### [Dataset entries]
* * * *
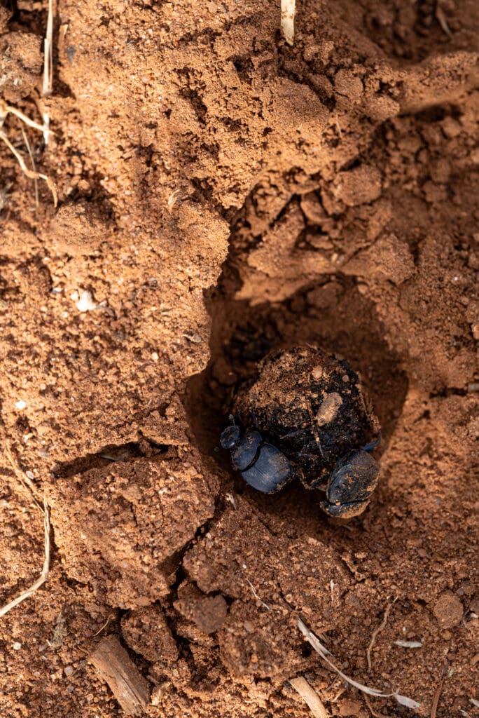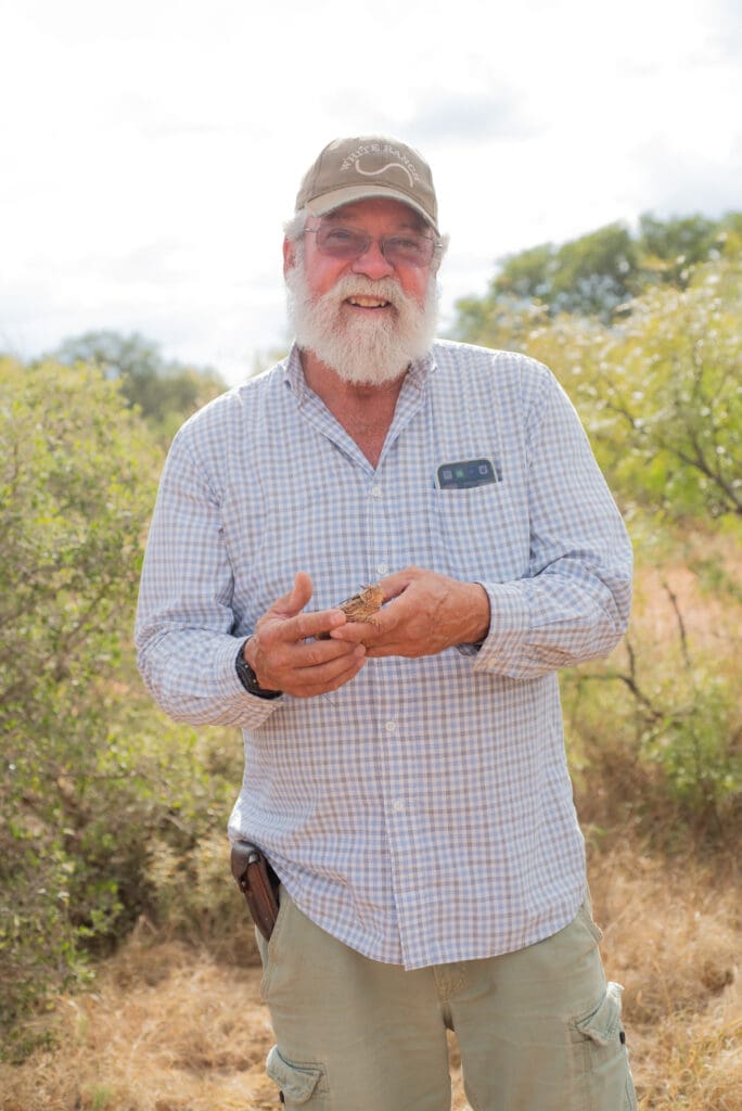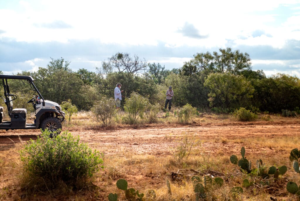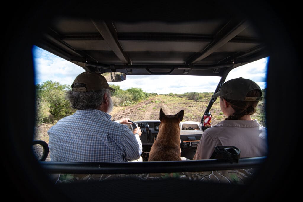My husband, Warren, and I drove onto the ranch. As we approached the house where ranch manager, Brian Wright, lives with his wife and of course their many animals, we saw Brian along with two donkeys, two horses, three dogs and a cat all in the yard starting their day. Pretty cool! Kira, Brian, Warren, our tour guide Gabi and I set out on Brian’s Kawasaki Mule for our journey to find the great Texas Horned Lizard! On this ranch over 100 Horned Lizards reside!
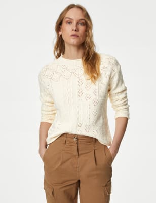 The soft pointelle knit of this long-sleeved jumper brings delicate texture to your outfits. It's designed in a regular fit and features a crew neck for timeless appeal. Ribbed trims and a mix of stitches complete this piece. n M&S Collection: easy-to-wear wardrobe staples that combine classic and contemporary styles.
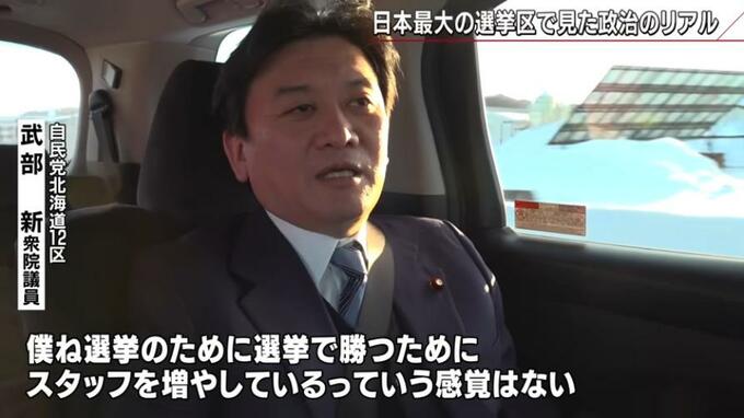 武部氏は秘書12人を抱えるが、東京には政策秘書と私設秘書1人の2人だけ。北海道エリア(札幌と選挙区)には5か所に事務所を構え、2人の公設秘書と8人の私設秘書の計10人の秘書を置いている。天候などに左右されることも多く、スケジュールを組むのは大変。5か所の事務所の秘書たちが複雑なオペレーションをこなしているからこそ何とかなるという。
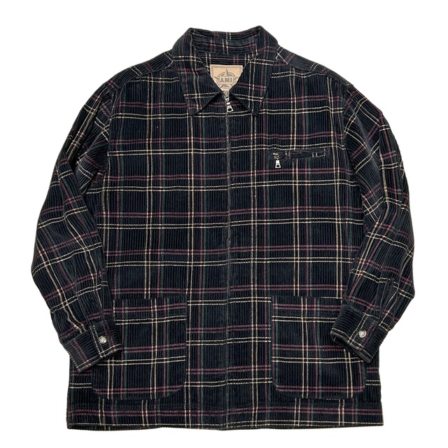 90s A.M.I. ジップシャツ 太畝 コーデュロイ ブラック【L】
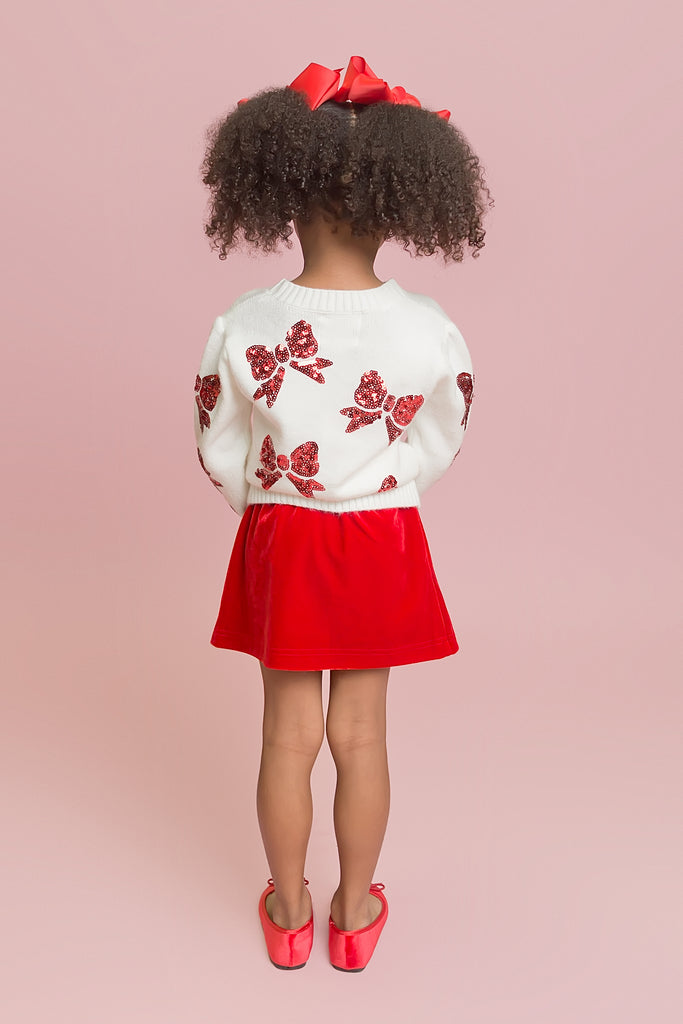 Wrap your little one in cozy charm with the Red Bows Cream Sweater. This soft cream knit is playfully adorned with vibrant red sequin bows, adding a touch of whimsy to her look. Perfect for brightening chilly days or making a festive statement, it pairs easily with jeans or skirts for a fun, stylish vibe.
* * * *
### [WORK TO COMPLETE]
Retype every record as it stands. None of the pictures should appear.

### [EXERCISE OUTPUT]
My husband, Warren, and I drove onto the ranch. As we approached the house where ranch manager, Brian Wright, lives with his wife and of course their many animals, we saw Brian along with two donkeys, two horses, three dogs and a cat all in the yard starting their day. Pretty cool! Kira, Brian, Warren, our tour guide Gabi and I set out on Brian’s Kawasaki Mule for our journey to find the great Texas Horned Lizard! On this ranch over 100 Horned Lizards reside!
 The soft pointelle knit of this long-sleeved jumper brings delicate texture to your outfits. It's designed in a regular fit and features a crew neck for timeless appeal. Ribbed trims and a mix of stitches complete this piece. n M&S Collection: easy-to-wear wardrobe staples that combine classic and contemporary styles.
 武部氏は秘書12人を抱えるが、東京には政策秘書と私設秘書1人の2人だけ。北海道エリア(札幌と選挙区)には5か所に事務所を構え、2人の公設秘書と8人の私設秘書の計10人の秘書を置いている。天候などに左右されることも多く、スケジュールを組むのは大変。5か所の事務所の秘書たちが複雑なオペレーションをこなしているからこそ何とかなるという。
 90s A.M.I. ジップシャツ 太畝 コーデュロイ ブラック【L】
 Wrap your little one in cozy charm with the Red Bows Cream Sweater. This soft cream knit is playfully adorned with vibrant red sequin bows, adding a touch of whimsy to her look. Perfect for brightening chilly days or making a festive statement, it pairs easily with jeans or skirts for a fun, stylish vibe.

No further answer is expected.